Task material Block Start
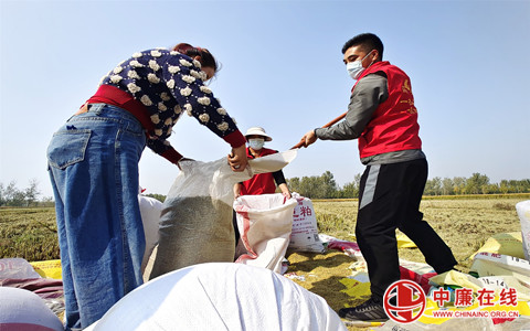 10月22日,南部战区某部四级士官刘光正在山东省郯城县马头镇马南社区埝二村西湖片区,与党员志愿者一起帮助困难群众抢收水稻,确保粮食颗粒归仓。
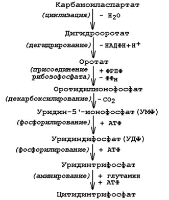 Рисунок 26.10. Схема синтеза пиримидиновых нуклеотидов.
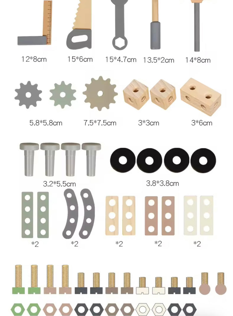 - 🛠 Complete Tool Set: includes saw, wrench, bolts, nuts, gears & wooden accessories
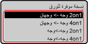 إذا كنت تريد توفير الورق عند العمل على عدة مستندات أصلية، فاستخدم وظيفة توفير الورق. يمكنك إجراء نسخ N على 1 ونسخ على الوجهين في نفس الوقت من شاشة [الرئيسية] أو
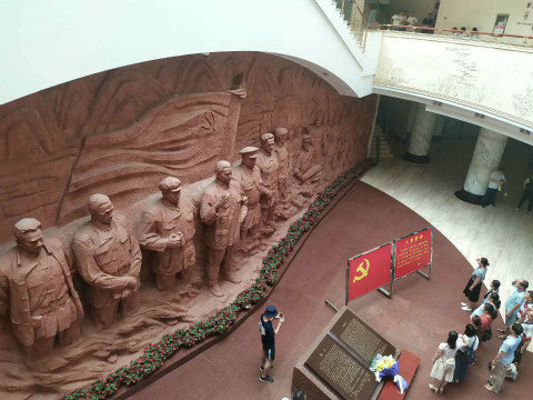 在雕塑的正后方便是百色起義紀(jì)念館,江澤民題寫(xiě)的“百色起義紀(jì)念館”七個(gè)行書(shū)鎦金大字熠熠生輝。四根粗大圓柱穩(wěn)穩(wěn)地支撐著外廊,象征著百色人民頂天立地、砥柱中流。大門(mén)兩側(cè)分別雕刻著有“土地革命”和“武裝斗爭(zhēng)”的場(chǎng)面的白色浮雕。沿著開(kāi)滿鮮花的花壇一側(cè)拾階而上,懷著崇敬的心情步入序幕廳。序幕廳正壁是“百色起義”漢白玉大型浮雕,以磅礴的氣勢(shì),再現(xiàn)了鄧小平等老一輩無(wú)產(chǎn)階級(jí)革命家的光輝形象及當(dāng)年百色起義波瀾壯闊的場(chǎng)景。在大廳正壁的浮雕前,展館特意擺放了中國(guó)共產(chǎn)黨黨旗和入黨誓詞,便于前來(lái)參觀的黨員同志面對(duì)先烈、面對(duì)黨旗重溫誓詞,不忘初心,踐行使命。
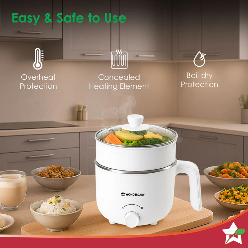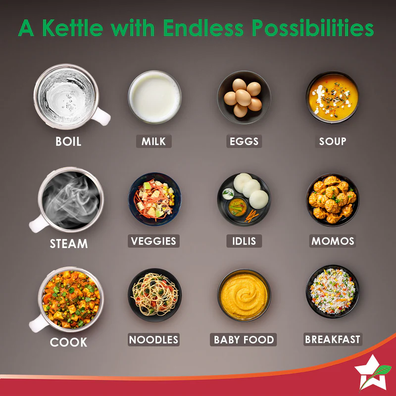 - Versatile Cooking: Boil water and milk for tea, coffee, hot chocolate, cook instant noodles and pasta, boil soups, steam rice, momos, dhokla, boil eggs and do much more!
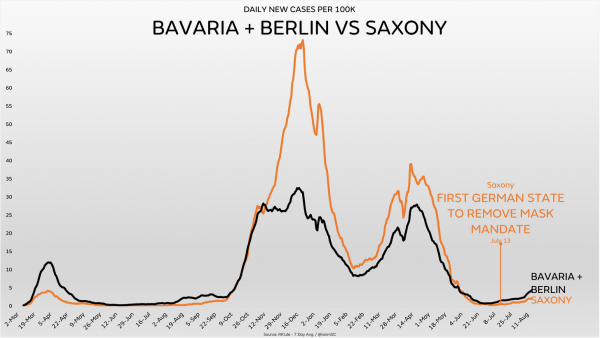 More importantly though, Saxony became the first German state to remove their mask mandate on July 13th. This creates a compelling comparison point to Bavaria and Berlin, with regards to their N95 mandates. So what’s happened?
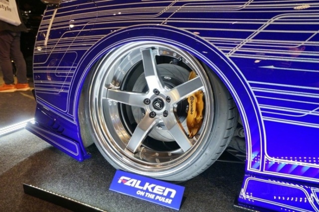 雖然有許多套件,但是卻沒有寬體套件,在眾多寬體改裝車中非常特立獨行!車輛使用了日本VERZ-WHEELS品牌21英寸輪圈,搭配日本FALKEN(飛勁)輪胎。而且剎車系統升級為Brembo的GT-S系列卡鉗,沒有搭配Brembo常規的打孔盤,反而選擇了劃線盤。
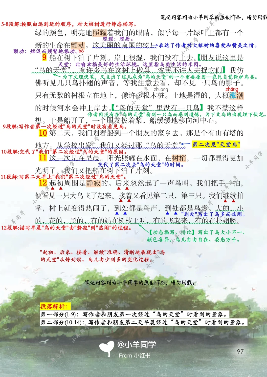第二部分(10-14):写作者和朋友第二天早晨经过“鸟的天堂”时看到的景象。
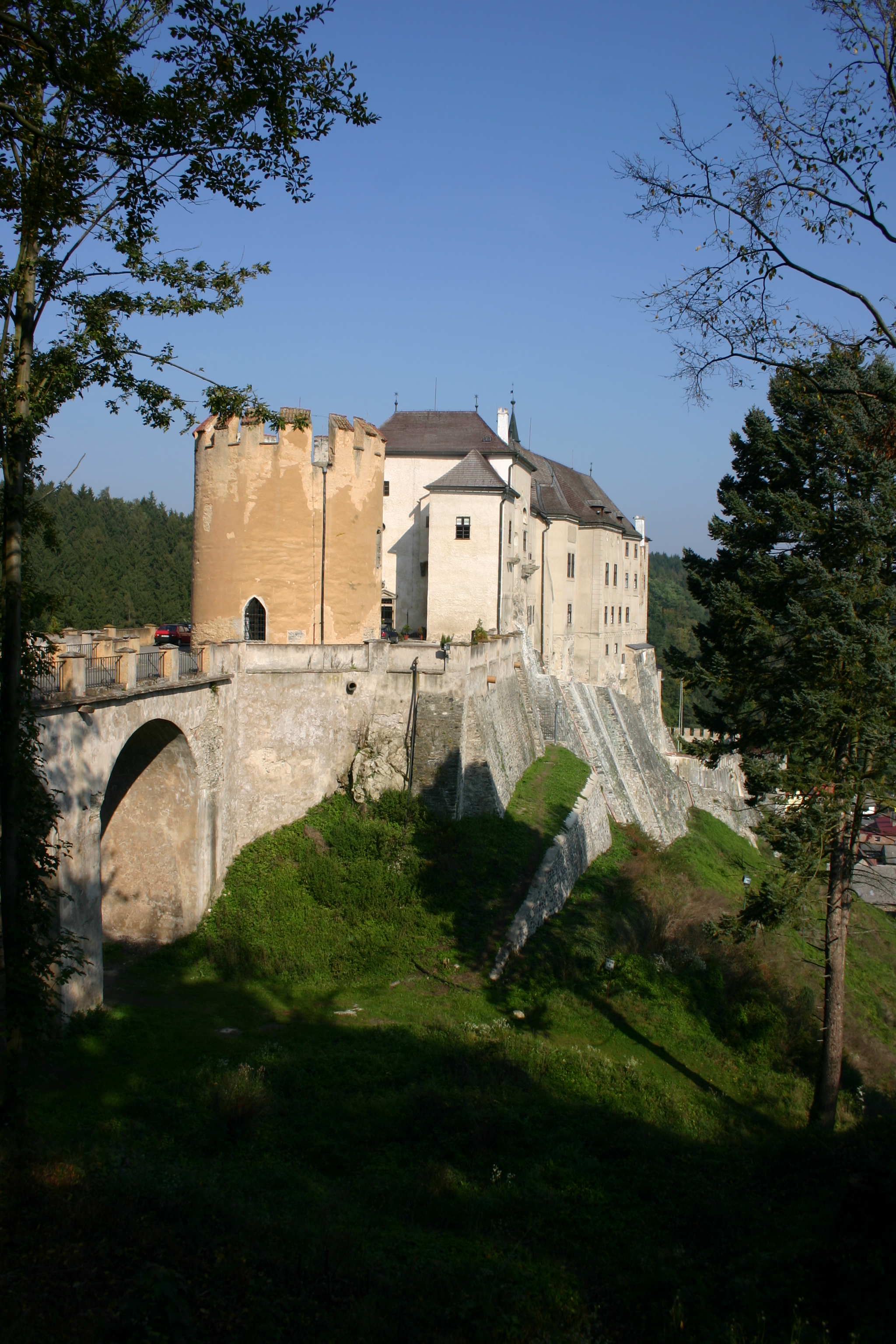 Důmyslný obranný systém hradu byl v průběhu staletí zdokonalován. K výrazné úpravě došlo zejména po roce 1467, kdy byl Český Šternberk po dlouhém obléhání dobyt a pobořen vojsky Jiřího z Poděbrad. Tehdejší majitel, Petr Konopišťský ze Šternberka, se totiž v tzv. Zelenohorské jednotě postavil proti králi. Obnova Šternberka proběhla na přelomu 15. a 16. století v pozdně gotickém stylu. Hrad byl rozšířen, vstup byl přesunut a zároveň bylo vylepšeno opevnění. Z této doby se například zachovala, a to plné výši, mohutná zděná bateriová bašta s břitem a samostatným opevněním, která byla vysunuta daleko před jižní průčelí hradu na hranu hřebenu stoupajícího od hradu směrem na jih. Snad ze stejného období pochází i okrouhlá věž stojící dnes na terase před jižní štítovou zdí.
Task material Block End
Your answer must be an exact repeat of the records above, with the pictures left out.

- _Exercise result_
 10月22日,南部战区某部四级士官刘光正在山东省郯城县马头镇马南社区埝二村西湖片区,与党员志愿者一起帮助困难群众抢收水稻,确保粮食颗粒归仓。
 Рисунок 26.10. Схема синтеза пиримидиновых нуклеотидов.
 - 🛠 Complete Tool Set: includes saw, wrench, bolts, nuts, gears & wooden accessories
 إذا كنت تريد توفير الورق عند العمل على عدة مستندات أصلية، فاستخدم وظيفة توفير الورق. يمكنك إجراء نسخ N على 1 ونسخ على الوجهين في نفس الوقت من شاشة [الرئيسية] أو
 在雕塑的正后方便是百色起義紀(jì)念館,江澤民題寫(xiě)的“百色起義紀(jì)念館”七個(gè)行書(shū)鎦金大字熠熠生輝。四根粗大圓柱穩(wěn)穩(wěn)地支撐著外廊,象征著百色人民頂天立地、砥柱中流。大門(mén)兩側(cè)分別雕刻著有“土地革命”和“武裝斗爭(zhēng)”的場(chǎng)面的白色浮雕。沿著開(kāi)滿鮮花的花壇一側(cè)拾階而上,懷著崇敬的心情步入序幕廳。序幕廳正壁是“百色起義”漢白玉大型浮雕,以磅礴的氣勢(shì),再現(xiàn)了鄧小平等老一輩無(wú)產(chǎn)階級(jí)革命家的光輝形象及當(dāng)年百色起義波瀾壯闊的場(chǎng)景。在大廳正壁的浮雕前,展館特意擺放了中國(guó)共產(chǎn)黨黨旗和入黨誓詞,便于前來(lái)參觀的黨員同志面對(duì)先烈、面對(duì)黨旗重溫誓詞,不忘初心,踐行使命。
 - Versatile Cooking: Boil water and milk for tea, coffee, hot chocolate, cook instant noodles and pasta, boil soups, steam rice, momos, dhokla, boil eggs and do much more!
 More importantly though, Saxony became the first German state to remove their mask mandate on July 13th. This creates a compelling comparison point to Bavaria and Berlin, with regards to their N95 mandates. So what’s happened?
 雖然有許多套件,但是卻沒有寬體套件,在眾多寬體改裝車中非常特立獨行!車輛使用了日本VERZ-WHEELS品牌21英寸輪圈,搭配日本FALKEN(飛勁)輪胎。而且剎車系統升級為Brembo的GT-S系列卡鉗,沒有搭配Brembo常規的打孔盤,反而選擇了劃線盤。
第二部分(10-14):写作者和朋友第二天早晨经过“鸟的天堂”时看到的景象。
 Důmyslný obranný systém hradu byl v průběhu staletí zdokonalován. K výrazné úpravě došlo zejména po roce 1467, kdy byl Český Šternberk po dlouhém obléhání dobyt a pobořen vojsky Jiřího z Poděbrad. Tehdejší majitel, Petr Konopišťský ze Šternberka, se totiž v tzv. Zelenohorské jednotě postavil proti králi. Obnova Šternberka proběhla na přelomu 15. a 16. století v pozdně gotickém stylu. Hrad byl rozšířen, vstup byl přesunut a zároveň bylo vylepšeno opevnění. Z této doby se například zachovala, a to plné výši, mohutná zděná bateriová bašta s břitem a samostatným opevněním, která byla vysunuta daleko před jižní průčelí hradu na hranu hřebenu stoupajícího od hradu směrem na jih. Snad ze stejného období pochází i okrouhlá věž stojící dnes na terase před jižní štítovou zdí.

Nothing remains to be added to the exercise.